I don't know, anything really, but I want to do something.

Any ideas? Or what have you done?


----------



## chevycruze2012 (Nov 13, 2012)

Only suggestion I have is add a gauge pod. There is an aftermarket gauge pod that hold 3 gauges. Other than that, add the tweeter speaker there that is in the LTZ models. Im not sure what you have to hook up to make it work. But it would be worth checking into. I thought about doing it to mine because id like that extra sound in the center. If I did, id replace all the door speakers and tweeters in the a pillars that run with the windshield since im going to want better speakers.


----------



## Camcruse (Oct 4, 2011)

I keep my antenna in there for my in dash gps unit and my EZpass.


----------



## CruzeEcoBlueTopaz (Jan 5, 2012)

I wouldnt recommend putting anything important in that compartment. In the summertime it gets extremely hot.


----------



## obermd (Mar 3, 2012)

I keep napkins and my glasses cleaning cloth in there.


----------



## Mick (Dec 31, 2011)

You must not like grand funk if you're keeping the CD's in there.

Definitely do not put pens, chocolate or tiny babies in there.

Sent from AutoGuide.com Free App


----------



## McNeo (Dec 17, 2013)

CruzeEcoBlueTopaz said:


> I wouldnt recommend putting anything important in that compartment. In the summertime it gets extremely hot.


Tried keeping winter gloves in there for this reason, didn't help, lol.



Mick said:


> You must not like grand funk if you're keeping the CD's in there.
> 
> Definitely do not put pens, chocolate or tiny babies in there.

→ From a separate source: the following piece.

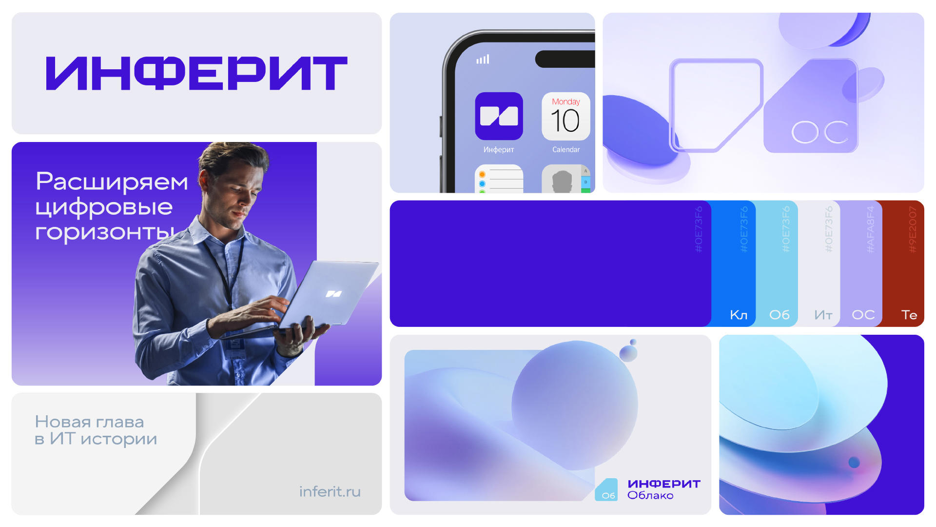 В ходе проекта агентство разработало фирменный знак и комплексную систему логотипов для всех саббрендов компании, включая «Инферит Техника», «Инферит Клаудмастер», «Инферит Операционная система», «Инферит Облако» и «Инферит ИТМен».

What if I skewer a tiny chocolate baby with a pen and put that in there?


----------



## brian v (Dec 25, 2011)

How about snickers , is that where you've been hiding them . Snickers ....


----------



## chevycruze2012 (Nov 13, 2012)

brian v said:


> How about snickers , is that where you've been hiding them . Snickers ....


That's where id put mine if it had a mini fridge in it LOL. I have been trying to find the perfect stash point for my snickers =]. Gotta love snickers tho. Its my favorite candy..


----------



## chevycruze2012 (Nov 13, 2012)

brian v said:


> Seriously though Cd's fit in that little tight hole , just Fine


HAHAHAHA....you said tight hole. That's what she said LMAO =]. Just kidding brian


----------



## Action Hank (Jan 9, 2013)

I used to keep pens in there.
The color of the pen was totally faded and the ink inside was totally dry. I had to find out the hard way when i'd left my bag somewhere and needed a pen badly xD


----------



## spacedout (Dec 7, 2010)

CruzeEcoBlueTopaz said:


> I wouldnt recommend putting anything important in that compartment. In the summertime it gets extremely hot.


I have jokingly called that compartment the sandwich warmer, Think all one would need to do is wrap a sandwich in some aluminium foil and drive for a few hours or park in the sun fro 10-15 minutes. Had my phone in that pocket when parked, when I went to retrieve it there was a message on the screen that power was turned off due to high battery temperature. 



I mounted my Garmin Nuvi 50LM in that pocket, I ran a 6ft USB cable through the dash from rear seat power port, that way I still have my front one to charge other devices. In the winter I leave the GPS sitting there all the time, however in the summer it gets way to hot so I have to move it everytime I park & only use when needed. 









http://www.cruzetalk.com/forum/memb...4-dash-compartment-picture10688-cruze-gps.jpg


----------



## Action Hank (Jan 9, 2013)

spacedout said:


> I have jokingly called that compartment the sandwich warmer, Think all one would need to do is wrap a sandwich in some aluminium foil and drive for a few hours or park in the sun fro 10-15 minutes. Had my phone in that pocket when parked, when I went to retrieve it there was a message on the screen that power was turned off due to high battery temperature.
> 
> 
> 
> ...


Leaving electronics in there is a dangerous game xD


----------